Bei Ihrer Verpflichtung, das Bundesgebiet innerhalb der genannten Frist zu verlassen, handelt es sich um eine unvertretbare Leistung, welche einer Ersatzvornahme gem. § 4 VVG nicht zugänglich ist, sondern welche gem. § 5 VVG zu vollstrecken ist.
Aufgrund des im Verfahrensgang beschriebenen Sachverhalts ist die Verpflichtung der bP, das Bundesgebiet zu verlassen, auch –neben dem Einsatz jener Mitteln, welche das BPG zur Verfügung stellt- gem. § 5 VVG unter Einsatz der in der leg. cit. genannten Beugestrafen zu vollstrecken.
Zu B) Unzulässigkeit der Revision:
Gemäß § 25a Abs. 1 VwGG hat das Verwaltungsgericht im Spruch seines Erkenntnisses oder Beschlusses auszusprechen, ob die Revision gemäß Art. 133 Abs. 4 B-VG zulässig ist. Der Ausspruch ist kurz zu begründen.
Die Revision ist gemäß Art 133 Abs. 4 B-VG nicht zulässig, weil die Entscheidung nicht von der Lösung einer Rechtsfrage abhängt, der grundsätzliche Bedeutung zukommt. Weder weicht die gegenständliche Entscheidung von der bisherigen Rechtsprechung des Verwaltungs-gerichtshofes ab, noch fehlt es an einer Rechtsprechung, weiters ist die vorliegende Rechtsprechung des Verwaltungsgerichtshofes auch nicht als uneinheitlich zu beurteilen. Auch liegen keine sonstigen Hinweise auf eine grundsätzliche Bedeutung der zu lösenden Rechtsfrage vor.

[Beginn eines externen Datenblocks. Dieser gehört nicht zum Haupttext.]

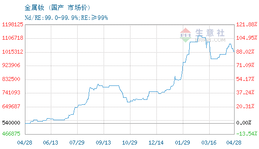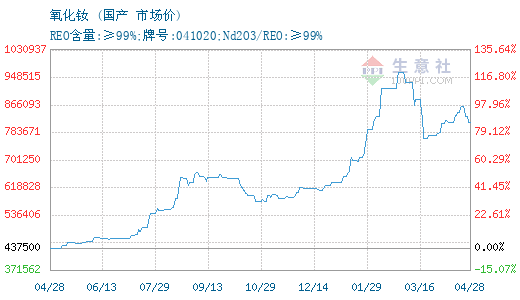 更多>>生意社:4月27日国内镨钕系稀土价格下...
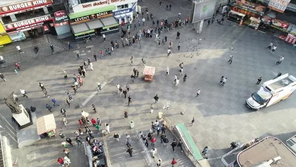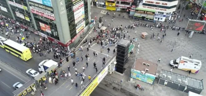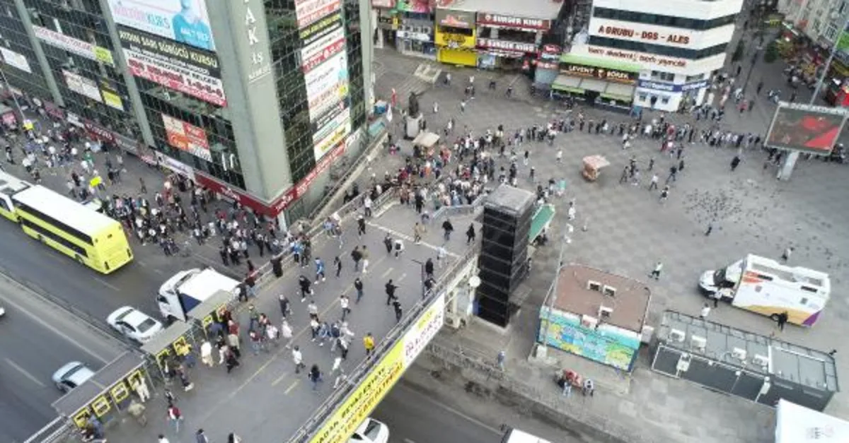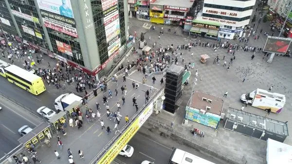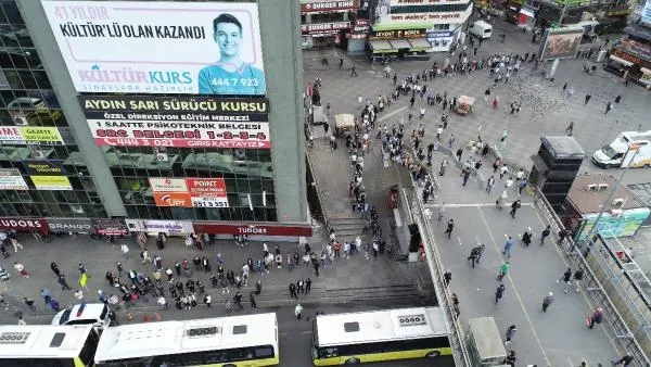 Sefer yapılamayan metro durakları nedeniyle Şirinevler'de metrelerce otobüs kuyruğu oluşmaya başladı. Kalabalık havadan da görüntülendi.

Aus den dem gegenständlichen Erkenntnis entnehmbaren Ausführungen geht hervor, dass das ho. Gericht in seiner Rechtsprechung im gegenständlichen Fall nicht von der bereits zitierten einheitlichen Rechtsprechung des VwGH, insbesondere zur Auslegung des Begriffs des internationalen Schutzes, sowie des durch Art. 8 EMRK geschützten Recht auf ein Privat- und Familienlebens, der Auslegung des § 53 FPG, sowie der Ermächtigung, im gegenständlichen Verfahren auch ein Verhalten zu berücksichtigen, welches zu keine Verurteilung durch die Strafgerichte führte, abgeht. Im Hinblick auf die Auslegung des Rechtsinstituts des sicheren Herkunftsstaates orientiert sich das ho. Gericht ebenfalls an der hierzu einheitlichen höchstgerichtlichen Judikatur. Ebenso löst das ho. Gericht die Frage, ob eine Verhandlung stattzufinden hatte im Lichte der höchstgerichtlichen Judikatur.
Aufgrund der oa. Ausführungen war die Revision nicht zuzulassen.